Но в то время как он так молился, бормоча вполголоса какие-то слова, словно прислушиваясь к ним, другой голос, более глубокий, шедший откуда-то изнутри, нашептывал ему: «Если бы он умер! Если бы он оставил ее свободной!» И слова молитвы не могли заглушить этот голос.
– Ты что, решил заделаться мракобесом? – однажды спросил Хоакина Авель.
– Я?
– Да, да, ты! Я слышал, будто ты бросился в объятия церкви, ходишь ежедневно к обедне… Ну, а поскольку ты никогда не верил ни в бога, ни в черта, да и вообще так просто обращения не совершаются, то вот я и решил, что ты заделался мракобесом!
– А тебе что?
– Ничего, я вовсе не требую отчета, но… скажи, ты действительно веришь?
– Мне необходимо верить.
– Тогда другое дело. Но веришь ли ты в самом деле?
– Я тебе ответил, что мне необходимо верить, а потому лучше не спрашивай.
– А вот мне так хватает своего искусства; в нем и заключается моя вера.
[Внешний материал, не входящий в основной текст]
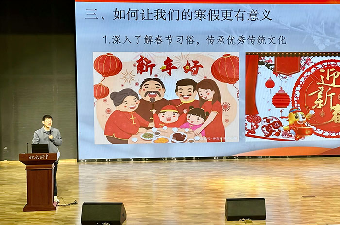 结业式上,副校长任欢迎通过视频带领师生回顾了本学期高中部的丰硕成果。本学期,北大附中石景山学子在奥林匹克学科竞赛、科技创新大赛、墨香书法大赛、石景山区艺术节及体育比赛中表现优异。针对即将到来的寒假,学校提出了科学规划建议:合理使用手机等电子设备,设置自动开关机时间保证作息规律;坚持每天运动与阅读,避免网络沉迷;积极参与家庭劳动与社会实践,涵养家国情怀。倡导同学们利用社会大课堂资源打开寒假“京彩”生活,为新学期的学习积蓄能量。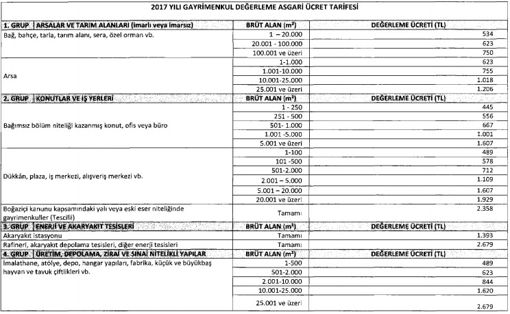 - Gayrimenkul Değerleme Asgari Ücret Tarifesi 2017 Belli Oldu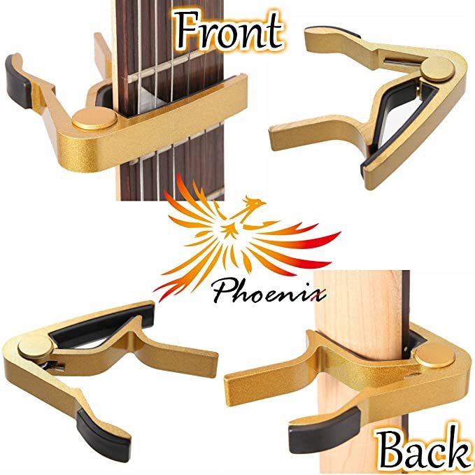 金色は高価の象徴!特別なものと認識させるカポタスト!金色は豊かな気持ちにさせてくれる効果があり、自分に対して自信を持てるようになります。なので!この金色のカポタストはオーディエンスに特別なものと認識させ、その印象は観客のノリにも影響を与えます。そしてそのオーディエンスの反応を感じたあなたは、自分のプレイに自信を付け、ワンランク上のギタープレイヤーとして成長するのです。このように、もはやカポタストは補助器具ではなく、ステージを彩る最高のスパイスなのです。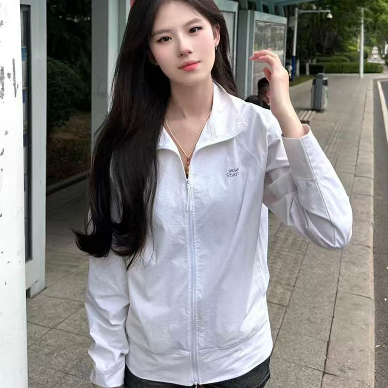 YF7431-图片色港式长袖翻领拉链字母印花休闲百搭薄装风衣外套防晒上衣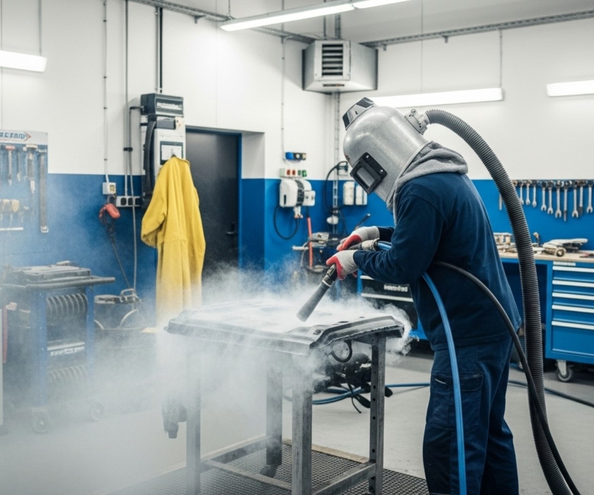 Pressurized dry ice pellets are gently applied to the surfaces needing cleaning. The pellets sublimate instantly on contact, removing dirt, grease, and residues without leaving any chemical traces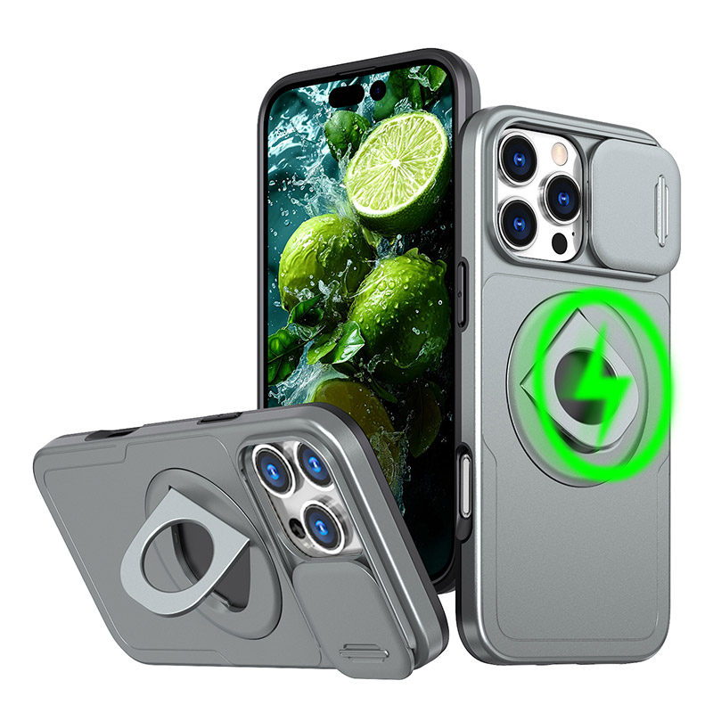 DALLAS Casebus Heavy Duty Magnetic Phone Case, Support Magsafe, with 360° Rotating Ring Kickstand & Slider Camera Lens Cover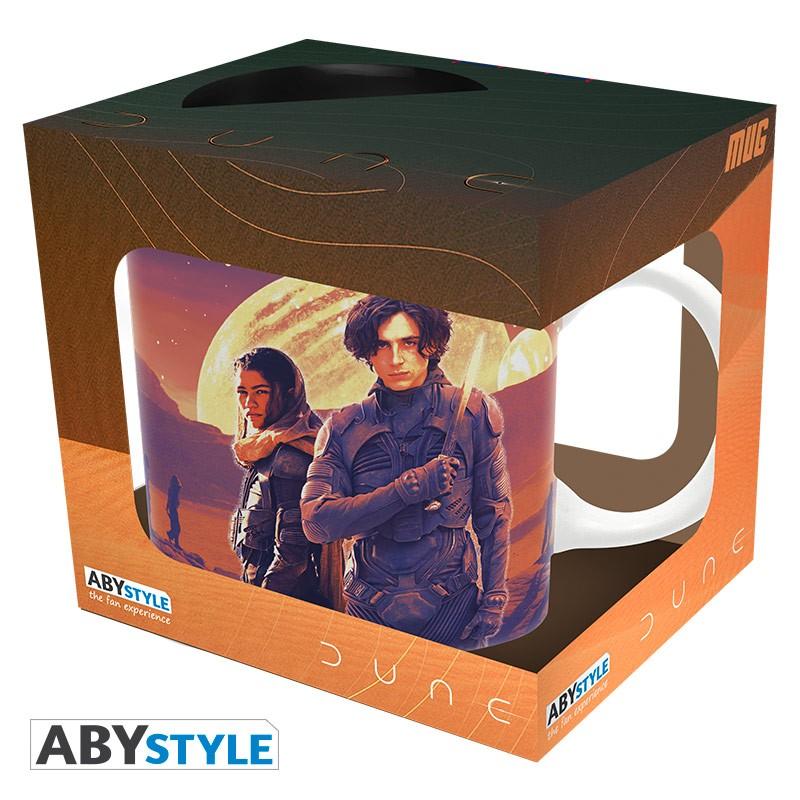Na kubku znajduje się grafika przedstawiająca głównych bohaterów, Paula Atreidesa i Chani, co sprawia, że jest to świetny sposób na wyrażenie miłości do serii "Diuna".

– То-то ты пишешь пречистых дев…
– Да, я написал Елену.
– Ну, такой, пожалуй, ее не назовешь…
– Для меня она именно такая. Она мать моего сына…
– И только?
– Всякая мать – пречистая дева, поскольку она мать.
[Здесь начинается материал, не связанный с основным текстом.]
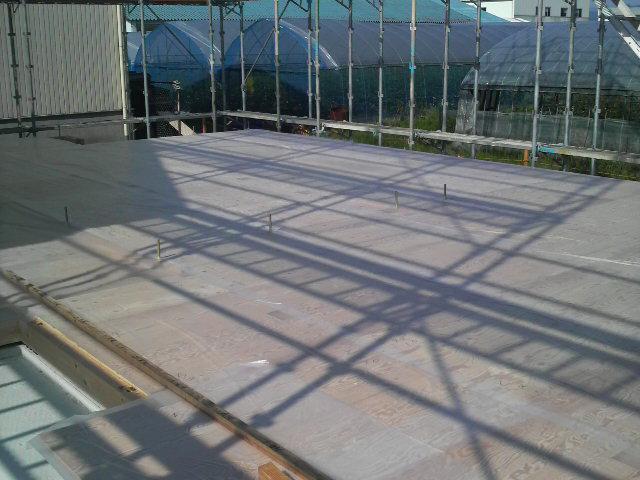 今日は1階に床下断熱とネタレス合板を張って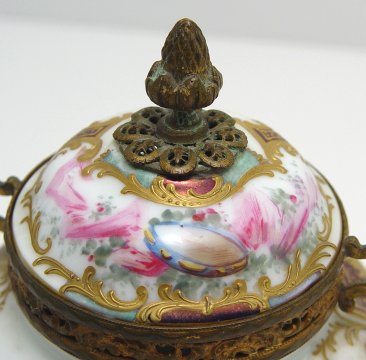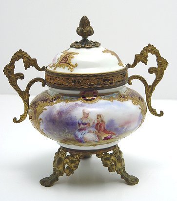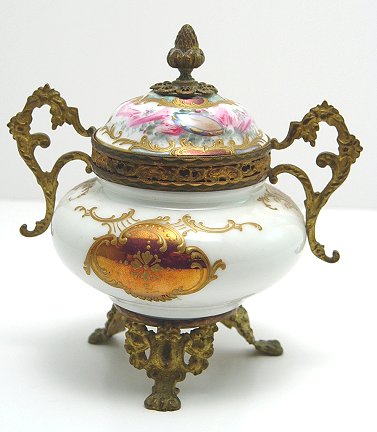 FRENCH PORCELAIN GILT METAL MOUNTED CENSOR: Hand painted scene with raised gold decoration. Gilt metal mounts, the legs, handle and finial. 6 1/2''h, 5 1/2''w.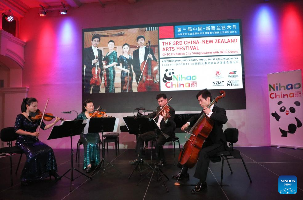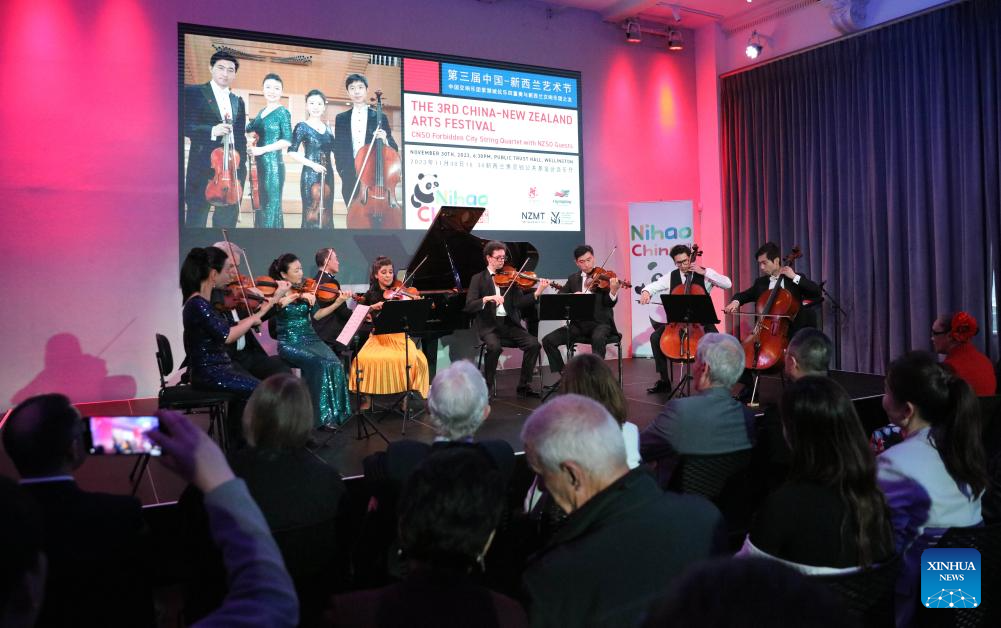 Musicians from New Zealand Symphony Orchestra perform during a music concert in Wellington, New Zealand, Nov. 30, 2023. The Third China-New Zealand Arts Festival kicked off in New Zealand's capital Wellington on Thursday night, with a music concert held successfully as a centerpiece of the event. (Photo by Meng Tao/Xinhua)

– Ты, кажется, ударился в теологию?
– Черт его знает, но я ненавижу мракобесие и ханжество. Мне сдается, что все это – порождение зависти, и меня, признаться, очень удивляет, что и ты вырядился в общий мундир, ты, которым так отличаешься от толпы жалких посредственностей.
– Интересно, интересно, объясни-ка это получше Авель!
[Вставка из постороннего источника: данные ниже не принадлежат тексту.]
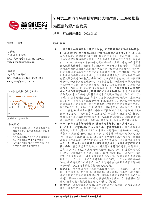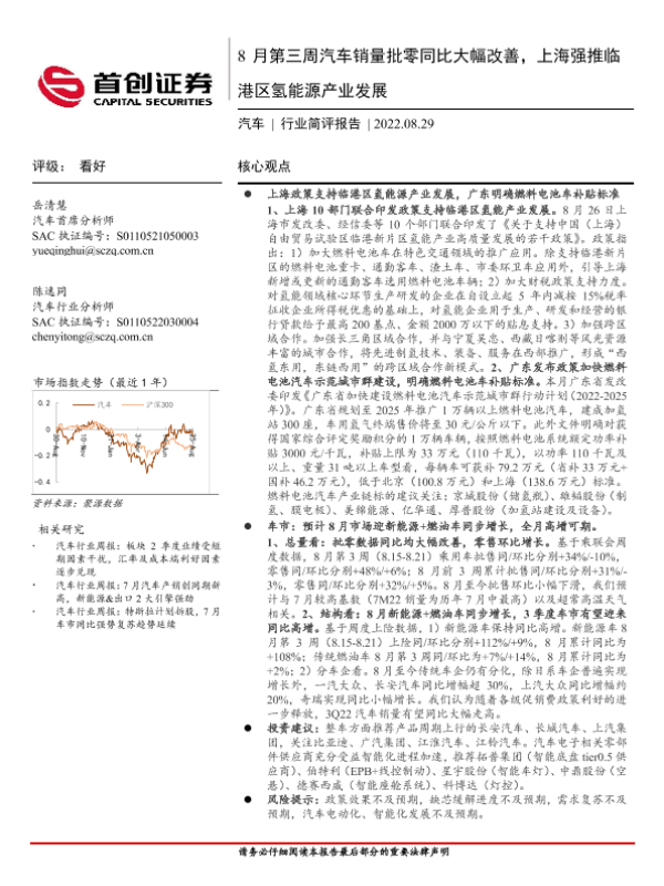 【首创证券】【20220829】20220829-首创证券-汽车行业简评报告:8月第三周汽车销量批零同比大幅改善,上海强推临港区氢能源产业发展-11页

– Все очень просто. Умы примитивные, вульгарные, не могущие возвыситься над посредственностью, не переносят успеха других и стремятся поэтому напялить и на них мундир общепринятой догмы, скроенный по единому образцу, лишь бы те ничем не выделялись. В основе всякой ортодоксии – поверь, будь то в религии, будь то в искусстве – лежит зависть. Все мы имеем возможность одеваться как нам заблагорассудится, но один шьет себе наряд, оттеняющий природное изящество фигуры его владельца, и таким образом привлекает к себе внимание женщин, другому же человеку, вульгарному и безвкусному, вздумай он подражать, тот же костюм пошел бы как корове седло. Потому-то люди вульгарные, бездарные и безвкусные – а это все завистники – и измыслили некое подобие мундира, некую единообразную моду, а мода – один из видов ортодоксии. Не обманывайся, Хоакин, то, что именуют опасными, безбожными, неправедными идеями, это лишь те идеи, которые не подходят для нищих разумом, для тех, кто не имеет ничего своего, ни капли оригинальности, а разве только обычный так называемый здравый смысл да запас общепринятых суждений. Всего больше ненавидят они воображение, ибо сами отродясь его не имели.